EXERCISE DESCRIPTION:
Stop at the line that contains "Confeccionado em poliamida, o". Until then, set down each line of the records exactly, beginning with the first, and skip pictures.

Source data
····················

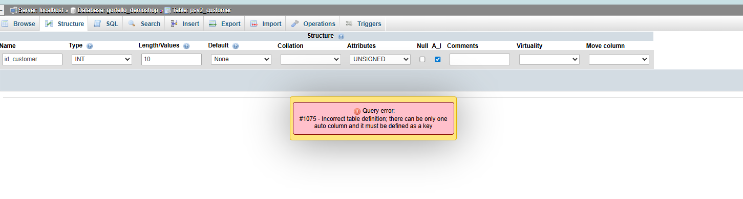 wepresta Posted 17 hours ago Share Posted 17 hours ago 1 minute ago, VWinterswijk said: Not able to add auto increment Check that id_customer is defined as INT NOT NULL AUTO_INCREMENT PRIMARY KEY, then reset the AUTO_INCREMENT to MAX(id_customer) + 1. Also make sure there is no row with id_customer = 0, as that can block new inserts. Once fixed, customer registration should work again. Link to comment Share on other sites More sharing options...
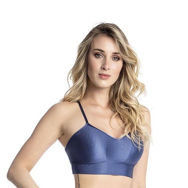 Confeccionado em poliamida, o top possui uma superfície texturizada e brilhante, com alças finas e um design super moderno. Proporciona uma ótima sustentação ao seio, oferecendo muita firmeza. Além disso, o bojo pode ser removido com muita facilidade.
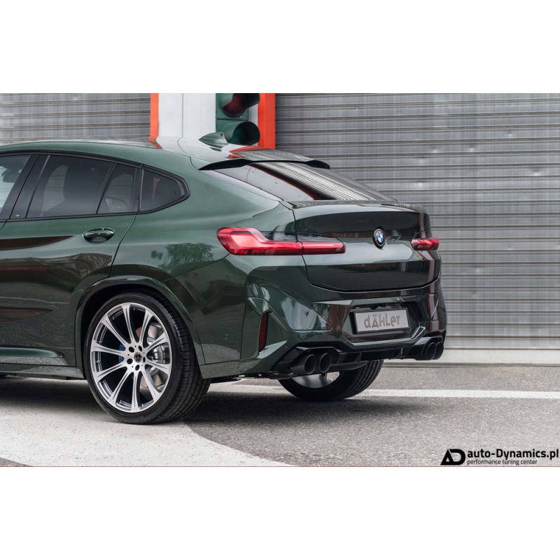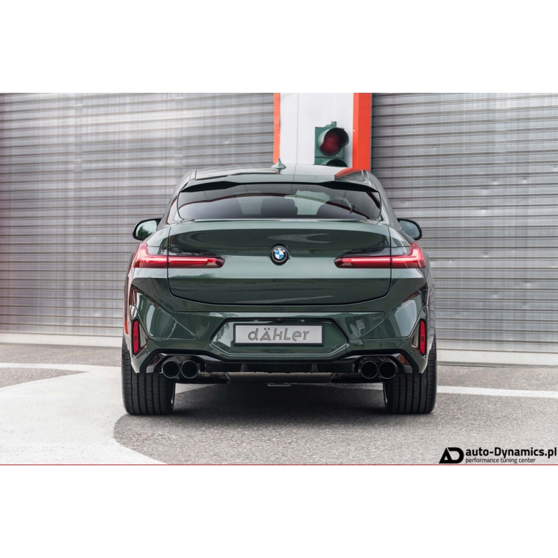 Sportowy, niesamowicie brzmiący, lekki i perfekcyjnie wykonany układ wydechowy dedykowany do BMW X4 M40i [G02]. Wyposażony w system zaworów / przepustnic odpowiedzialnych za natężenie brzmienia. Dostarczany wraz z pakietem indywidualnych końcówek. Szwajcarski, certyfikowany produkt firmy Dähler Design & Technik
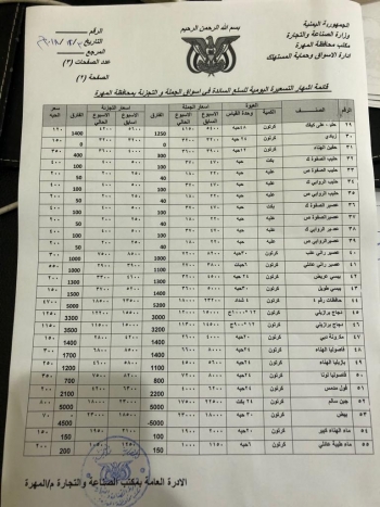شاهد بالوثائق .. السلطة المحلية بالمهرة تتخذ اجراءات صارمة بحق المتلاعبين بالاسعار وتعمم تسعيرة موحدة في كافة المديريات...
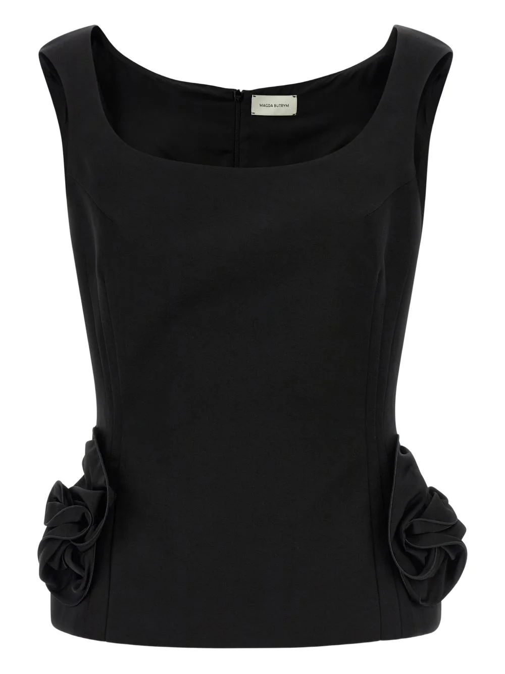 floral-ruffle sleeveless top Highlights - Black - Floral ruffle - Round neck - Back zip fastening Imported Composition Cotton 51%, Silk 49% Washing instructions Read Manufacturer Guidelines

····················

EXERCISE RESPONSE:
 wepresta Posted 17 hours ago Share Posted 17 hours ago 1 minute ago, VWinterswijk said: Not able to add auto increment Check that id_customer is defined as INT NOT NULL AUTO_INCREMENT PRIMARY KEY, then reset the AUTO_INCREMENT to MAX(id_customer) + 1. Also make sure there is no row with id_customer = 0, as that can block new inserts. Once fixed, customer registration should work again. Link to comment Share on other sites More sharing options...
 Confeccionado em poliamida, o top possui uma superfície texturizada e brilhante, com alças finas e um design super moderno. Proporciona uma ótima sustentação ao seio, oferecendo muita firmeza. Além disso, o bojo pode ser removido com muita facilidade.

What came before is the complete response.